# Is it safe to remove nest box



## Jayjoton (Oct 4, 2015)

Hi, I was wondering if its now safe to remove the nest box, the first baby left the box this morning and after spending most of the day with parents and learning to climb Ive put her back in the nest.
We are hoping baby number 2 will venture out in the next few days and this is when we are thinking of doing it, well hubby wants to.
I still think they need it but I could be wrong, the mother and father has mated again and mother is biting at the box, is this a sign that she wants to lay again?
Sorry for all the questions Im still learning about the breeding process


----------



## roxy culver (May 27, 2010)

I wouldn't remove the box just yet. The babies are still going to sleep in it at night. I would wait until they were closer to 8 weeks of age. 

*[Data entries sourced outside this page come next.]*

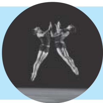
Opernhaus Zürich: Szene aus dem Ballett «In den Winden im Nichts»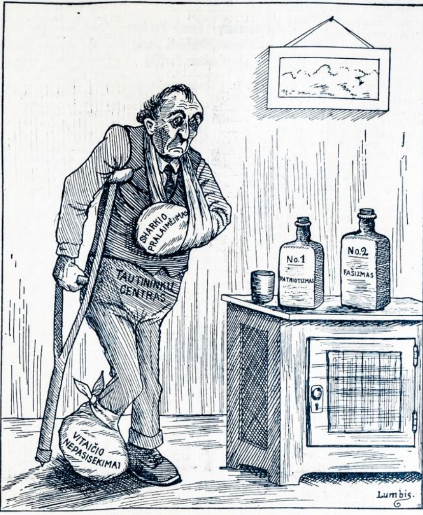
Gyvenimas taip sukolicėjo tautininkų centrą, kad jis nei patriotizmo, nei fašizmo vaistais negali išsigydyti

WASHINGTON. — Prekybos departamentas praneša, kad dabar Filipinu prekyba su Jungtinėmis Valstijomis siekia $256,000,000 į metus.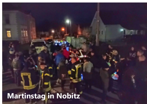
Martinstag in Nobitz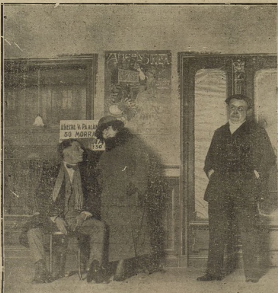
Y SEPULCRO EN LA ORRA. ASI PREDICA LA SEÑORA GAMEZ Y LOS SEÑORES AGUILAR TRO DE LA INFANTA ISABEL. (FOT. VIDAL) BA DIEGO. ESTRENADA AYER EN EL TEA

Y como la Prensa, en su mayoría, más del aspecto industrial que tiene, quiera atribuirsele, tiene otro, una vida de positiva idealidad e influencia en la vida de la nación, al país en general, en primer término a los gobernantes, interesa que no desaparezcan los periódicos que son órganos de la opinión pública, ser sustituidos por la Prensa que puede editar unos cuantos políticos despreciosos o financieros ambiciosos que busquen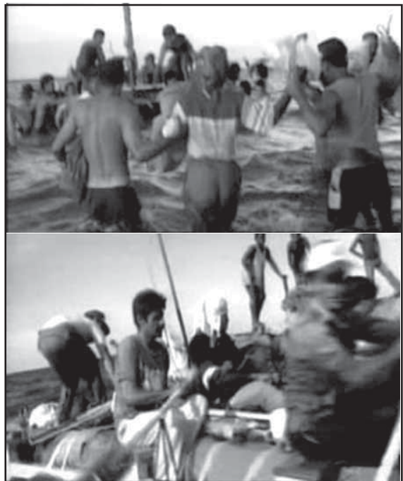
Agosto de 1994. Éxodo masivo hacia Estados Unidos.

Pero también se hará forzoso desencadenar un proceso nacional de recuperación de la memoria histórica, con el propósito de facilitar la apropiación de la experiencia nacional, así como los referentes que ofrece el quehacer fundante de varias generaciones de cubanos.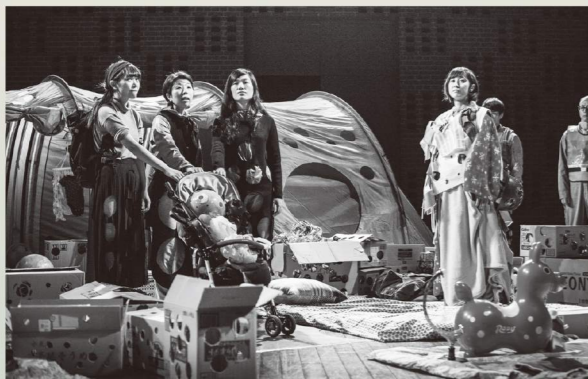
【亡国の三人姉妹】2016年10月 横浜赤レンガ倉庫1号館 3Fホール

生活の多様化、不安定な社会状況により旧来の幸せの価値観が崩壊した現代日本...社会的価値に頼らずに自分自身で幸せの価値を見つけることの困難さ、行き詰まりが、ある種の閉塞感を生んでいる。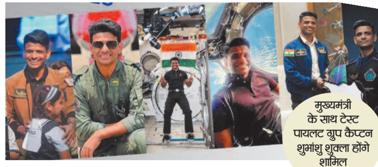
मुख्यमंत्री के साथ टैट पालट ग्रुप कैप्टन शुभांशु शुक्ला होंगे शामिल

रायपुर। छत्तीसगढ़ के शैक्षिक और वैज्ञानिक क्षेत्र में एक नई अंतरिक्ष क्रांति की शुरुआत होने जा रही है। अंतरिक्ष यात्री पहली बार छत्तीसगढ़ आ रहे हैं। जिला प्रशासन रायपुर एवं आईडीवायएम फाउंडेशन द्वारा, सारडा एनर्जी एंड मिनरल्स लिमिटेड के सहयोग से "प्रोजेक्ट अंतरिक्ष संगवारी" का शुभारंभ किया जा रहा है। इस महत्वाकांक्षी परियोजना के अंतर्गत नवा रायपुर में प्रदेश के पहले अत्याधुनिक अंतरिक्ष केंद्र की स्थापना की जा रही है, जिसका लोकार्पण 3 फरवरी को शासकीय उच्चतर माध्यमिक विद्यालय राखी नवा रायपुर में सुबह 10 बजे किया जाएगा। यह प्रोजेक्ट राज्य के विद्यार्थियों को अंतरिक्ष विज्ञान, उपग्रह तकनीक और आधुनिक स्पेस रिसर्च से सीधे जोड़ने की दिशा में एक ऐतिहासिक कदम माना जा रहा है। अंतरिक्ष केंद्र के माध्यम से विद्यार्थियों को न केवल सैद्धांतिक ज्ञान मिलेगा, बल्कि वे उपग्रह निर्माण, परीक्षण और संचालन की वास्तविक प्रक्रिया को भी नजदीक से समझ सकेंगे।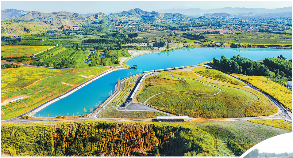
▲昔日的迁安市金岭铁矿矿坑,今现碧水花海。 ▶保定市涞水县富位村村民正在整理好的耕地上播种。

全省聚焦“三件大事”和乡村振兴,精准有效做好资源要素保障,服务全省经济社会发展。一是继续做好雄安新区用地报批工作,加快推进新区建设用地供应,保障重点片区和新区建设项目顺利实施。二是坚持土地要素跟着项目走,以真实有效的项目落地作为配置计划依据,并做好国土空间规划批准实施前过渡期的规划实施管理,全力保障国家和省重大项目、京津产业转移项目、省市重点项目用地需求。三是助力乡村振兴战略实施,积极争取增减挂钩指标跨省调剂任务,继续支持脱贫地区增减挂钩和补充耕地指标调剂流转,做好农村一二三产业融合发展用地工作,合理保障农村三产新业态发展和农村村民住宅建设用地需求。加快推进易地扶贫搬迁安置房项目手续完善和不动产登记。做好今年的土地要素保障工作,还要适应贯彻落实新《土地管理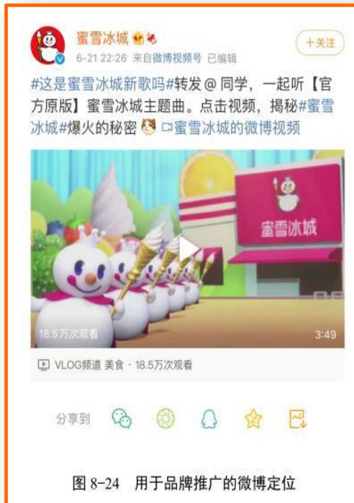
图 8-24 用于品牌推广的微博定位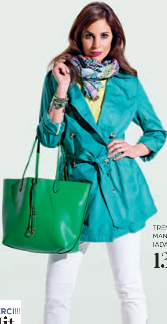
TRENCH- MANTEL IADA 139.-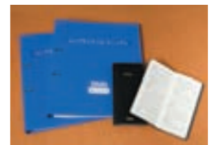
コンプライアンス・マニュアル

社員一人ひとりがどのように行動すべきかを「コンプライアンス・マニュアル」にわかりやすくまとめ、ファイルや手帳、小冊子などの形で全員に配付しています。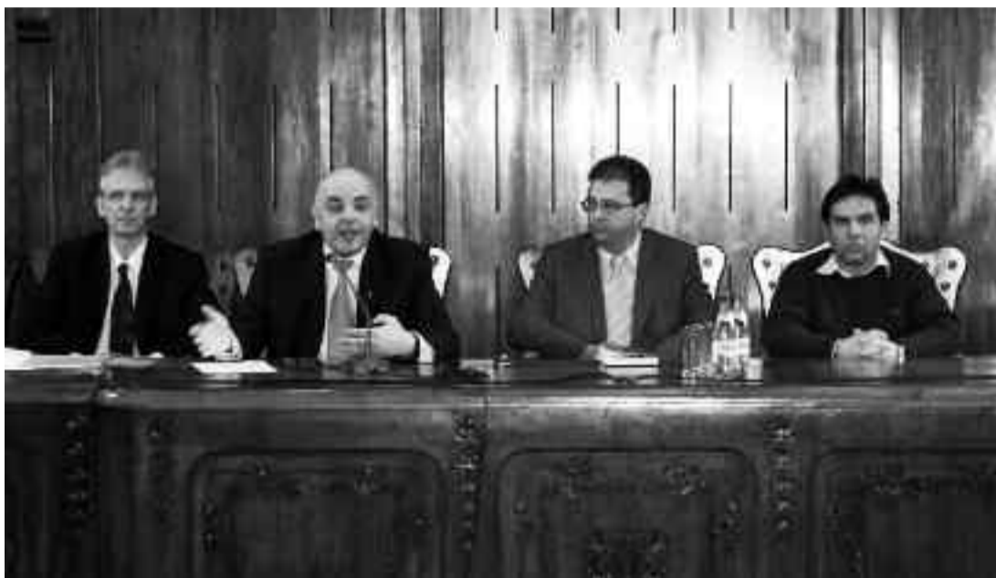
Până în 15 martie primele centre vor fi funcționale

atunci când nu sunt foarte multe cazuri”, a spus Arafat. Legat de faptul că datele bolnavilor sunt monitorizate de STS, ceea ce ar putea declanșa o nouă isterie privind supravegherea, subsecretarul de stat a spus că nu sunt motive de îngrijorare. „Trebuie să înțelegă lumea că peste tot, și în Croația, unde am fost recent, exact agenția omoloagă STS se ocupă de asta. Pentru mine, ca ministru, este mult mai simplu să colaborez cu ei. O eventuală isterie nu ar avea nicio justificare. Noi vorbim de date medicale și nu cred că cineva ar fi interesat să facă o colecție de electrocardiograme. Nu cred că pe cei de la STS ar putea fi interesați de asta”, a precizat Raed Arafat.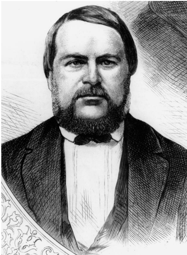
Porträt von Hermann Schaaffhausen.

Fotografien in Druckqualität finden Sie auf der beigelegten CD oder auch zum Herunterladen auf unserer Homepage im Pressebereich unter folgendem Link: http://www.landeseuseum-bonn.lvr.de/de/presse/pressematerial_neu/pressematerial_neu.html .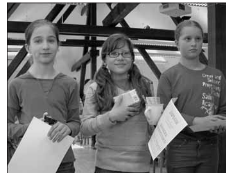
Vítězové III. kategorie.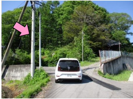
29図 『円通殿』 左手の電柱 ※速やかに前方の駐車スペースに移動のこと。 再スタートは、30図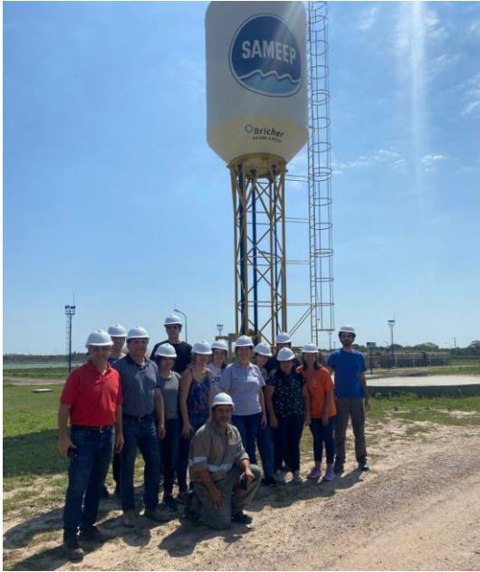
Figura N°6: Visita a Planta de tratamiento de Resistencia - Chaco

Se tomaron muestras de manera sistemática semanal, las que fueron procesadas en el laboratorio de la Cátedra Química Aplicada y en el laboratorio del Grupo de Investigación GISTAQ por los alumnos participantes del proyecto y con el seguimiento de los docentes (Figura 7)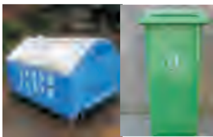
转运站周边使用带盖垃圾容器，及时清理垃圾，孳生蝇蛆的场所喷洒甲基嘧啶磷等杀虫剂杀灭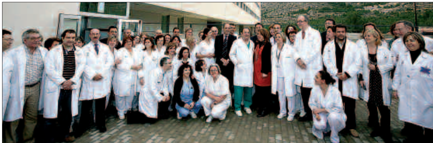
En el centro de la imagen, el presidente de la Generalitat, Francisco Camps, durante su reciente visita al Hospital de Elda.

El presidente de la Generalitat, Francisco Camps, presidió el acto de inauguración de la ampliación del Hospital de Elda, que ha supuesto una inversión, por parte del Consell, de treinta millones de euros, y la contratación de 196 nuevos profesionales. De esta manera, el hospital se ha convertido en un centro médico de referencia comarcal provincial.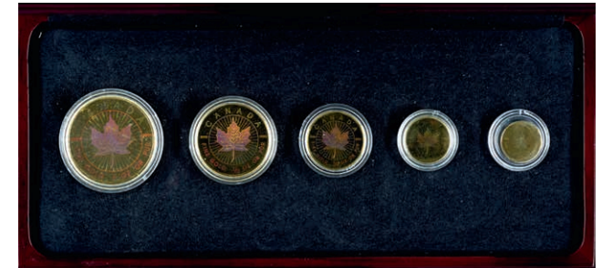
227 Set zu 50, 20, 10, 5, und 1 Dollar, Gold, 2001, Maple Leaf, 1, 1/2, 1/4, 1/10 und 1/20 oz, Hologramm-Motiv, mit Zertifikat in Ausgabeschatulle, st. Auflage nur 600 Stück! (Abbildung auf 46% verkleinert) 2700,—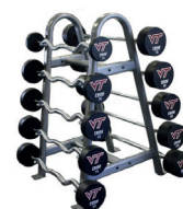
■ MUESTRA DE PRODUCTO CON ACCESORIOS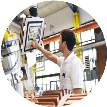
Transformation und Qualifizierung in der Produktion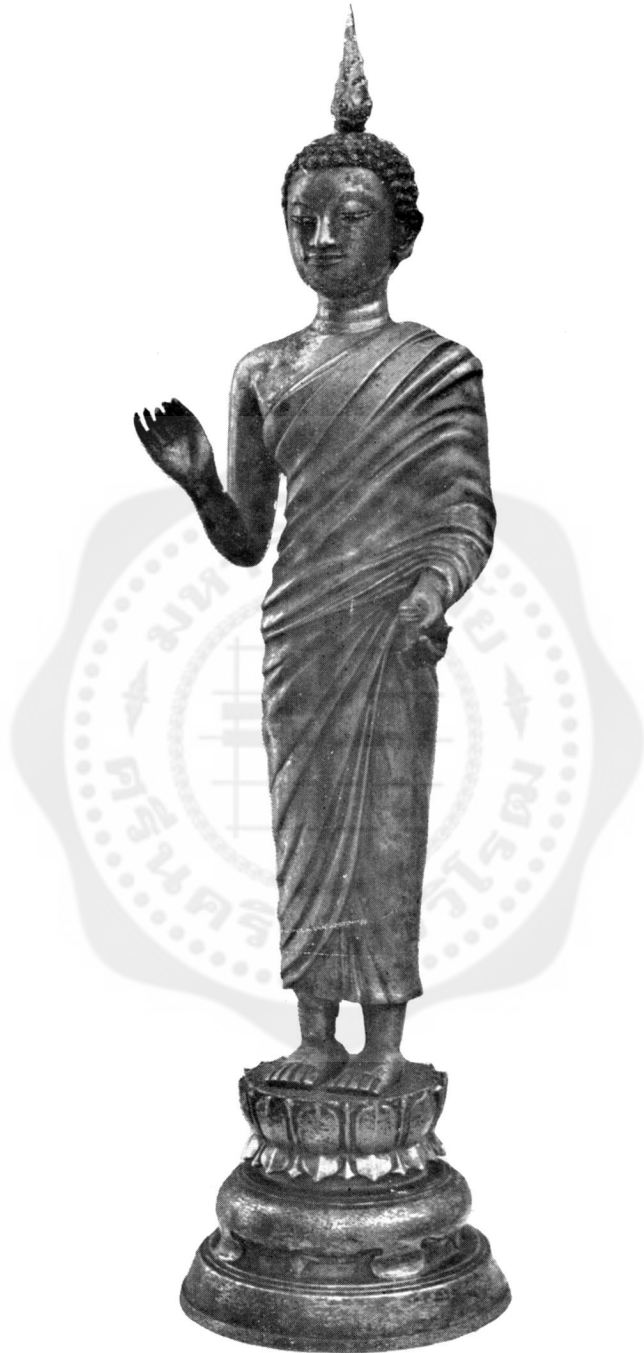
พระคันธารราษฎร์

But this is the time to start hormone control to knock the parents out of breeding. You can extend their nights to 12-14 hours of darkness a night to help with this.


----------



## vampiric_conure (Jul 8, 2012)

I wouldn't remove the nest box just yet. As Roxy Culver said, you can reduce the amount of light to bring the parents out of breeding mode. Sometimes breeding pairs can be a bit pushy with the egg laying though (Like my pair. Oy Vey!), so keep an eye out for extra eggs.


----------



## Jayjoton (Oct 4, 2015)

Thank you for the replys, my pair have mated 3 times already even tho it is darkened, I guess they love being parents so much they want more lol
If they do lay eggs and the babies already in there are under 8 weeks do I let them stay in the nest or remove them?


----------



## roxy culver (May 27, 2010)

The babies will sometimes help with new babies. Other times the parents will kick them out.

It takes two weeks for the long nights to take full effect and stop the hormonalness. Also remember that tiels mate for pleasure not just to make eggs. Double clutching (having two clutches back to back) is hard to stop. A third clutch is much easier to prevent.


----------



## Jayjoton (Oct 4, 2015)

Sorry but Im back again with another question.
Both babies came out the nest today and have been perched with the parents, I just been up to handle them before putting them back into the nest and disaster struck.
The baby I got hold of was screaming and biting me so I put him on the bed so I could close the cage door to stop dad coming out and the other baby.
Im totally new to this and didnt expect the baby to fly off, I called my hubby for help in catching him and then he started laughing coz I had no idea he would fly off.
My question is....is it ok to see if the babies go back into the nest on their own or do I have to do it?


----------



## roxy culver (May 27, 2010)

The babies will go back to the nest at night on their own, there's no need for you to interfere. This is the fledging age, where they start to learn to fly.


----------



## Jayjoton (Oct 4, 2015)

Yeah babies have certainly found their wings but havent returned to the nest, they stay close to the parents and follow them everywhere.
Ive noticed today that the mother is chucking alot of food on the floor, is she doing it so she can teach the babies to eat solid food?


----------



## roxy culver (May 27, 2010)

Not sure about that as mine never did but that could be a possibility. They are going to learn how to eat and drink by watching what they parents do.


----------